In my day job as DB Solution Architect, I come across one or two new migration cases almost every month. And at times these are Migration from SQL Server to PostgreSQL. In my experience and opinion SQL Server is one implementation of Relational Theory which has most deviations from ANSI syntax. For example- all RDBMS use double pipe [ || ] as concatenation operator whereas SQL Server (for some good or bad reason) chose it to be +.

Another feature which I have seen being a pain while migrating is 'case-insensitive searches'. All databases support that feature if you would use UPPER( ) function on string before comparing them. But that is the default and only behavior in SQL Server database, if you have created with a collation ending with CI_AS or CI_AI (meaning case insensitive and ascent sensitive/insensitive). I have faced that challenge of migrating these customers.

When you look at the database while assessing it for migration it all looks fine. The SQL Server database has only tables (no programmable objects e.g. procedures or functions) with no 'funny' data-types [again the whole world calls timestamp as data-time and SQL Server uses it as a binary datatype for Optimistic Locking :) ]. You migrate it over (well quite easily), and finally when you connect the application you start getting error left-right-and-center!

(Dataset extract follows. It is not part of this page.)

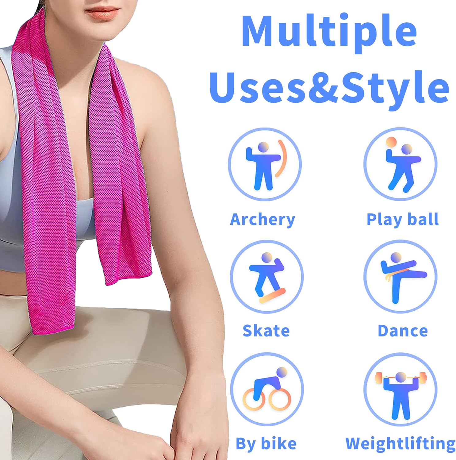 4 Pack Cooling Towel (40"x12"), Soft Breathable Chilly Towel, Ice Towel, Microfiber Towel for Yoga, Sport, Running, Workout,Gym, Camping, Fitness, Workout & More Activities
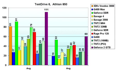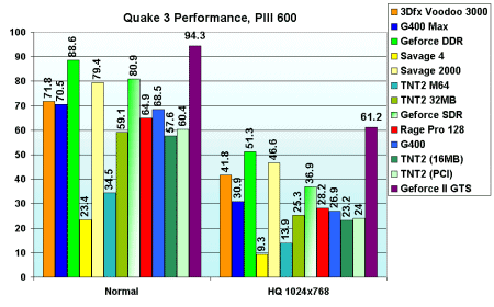 Voodoo3 stadig meget hurtigere end TNT2 Ultra 32MB og hurtigere end selv GeForce SDR (men kan dog ikke være med i 32bit farver). Matrox G400 (inkl. max) snupper bundplaceringen...

Well PostgreSQL is not just a stable alternative for proprietary databases but is also offers great flexibility to make itself a popular alternative. Let me share two examples where-in PostgreSQL can really make it easy for you to migrate over.
In PostgreSQL you can create user defined casts and user defined operators. So to over come the issues I have mentioned above, let me create user defined operators and test-


1. + as Concatenation operator-

Let's first create a function which can concatenate two strings
___________________________________

CREATE FUNCTION 
           concat_with_plus(varchar, varchar) 
          RETURNS varchar
    AS $$ SELECT $1 || $2 $$
    LANGUAGE SQL;
___________________________________

Now let's create a custom operator which has two arguments ( left=string and right=string )

___________________________________


CREATE OPERATOR + (
    LEFTARG = varchar,
    RIGHTARG = varchar ,
    PROCEDURE = concat_with_plus
);
___________________________________

If you notice the operator uses the function that we have defined above.

Here is how it would work-

___________________________________

postgres=# select 'sameer' + 'kumar';
  ?column?
-------------
 sameerkumar
(1 row)
___________________________________

2. Enable Case-insensitive search for all the tables and columns

All we need to do is create an operator '=' overriding the default behavior.
Before that let's first define a function which matches two string irrespective of their case.

______________________________________

CREATE FUNCTION 
varchar_equal_caseinsenstive(varchar, varchar) 
    RETURNS boolean
    AS $$ SELECT upper($1)=upper($2) $$
    LANGUAGE SQL;
______________________________________


Let's now create an operator '=' using this functions

______________________________________

CREATE OPERATOR = (
    LEFTARG = varchar,
    RIGHTARG = varchar,
    PROCEDURE = varchar_equal_caseinsenstive,
    COMMUTATOR = =,
    NEGATOR = !=,
    HASHES, MERGES
);
______________________________________

Here is how it would work-

______________________________________

postgres=# SELECT * FROM test_varchar 
postgres-# WHERE col1='SAMEER';
  col1
--------
 sameer
 Sameer
 SameeR
 SAmeeR
 Sameer
<<more rows in result>>
______________________________________

And if you define an index over UPPER(COL1), 

______________________________________

CREATE INDEX upper_col_test_varchar ON 
      test_varchar(UPPER(col1));
______________________________________


it would be used for index scans/bitmap scans-
____________________________________________________________________________

postgres=# EXPLAIN SELECT * FROM test_varchar WHERE col1='SAMEER';
                                       QUERY PLAN                         
----------------------------------------------------------------------------------------
 Bitmap Heap Scan on test_varchar  (cost=11.77..394.81 rows=432 width=10)
   Recheck Cond: (upper((col1)::text) = 'SAMEER'::text)
   ->  Bitmap Index Scan on upper_col_test_varchar  (cost=0.00..11.66 rows=432 width=0)
         Index Cond: (upper((col1)::text) = 'SAMEER'::text)
 Planning time: 2.685 ms
(5 rows)

____________________________________________________________________________


These are one of the most frequently deployed tricks when I migrate my customer from SQL Server to PostgreSQL. These wrappers are written inside your database. You can create them on template0 database and hence all the databases created there after will have these casts. This is not only easy but also does away with the requirement of changing application code. 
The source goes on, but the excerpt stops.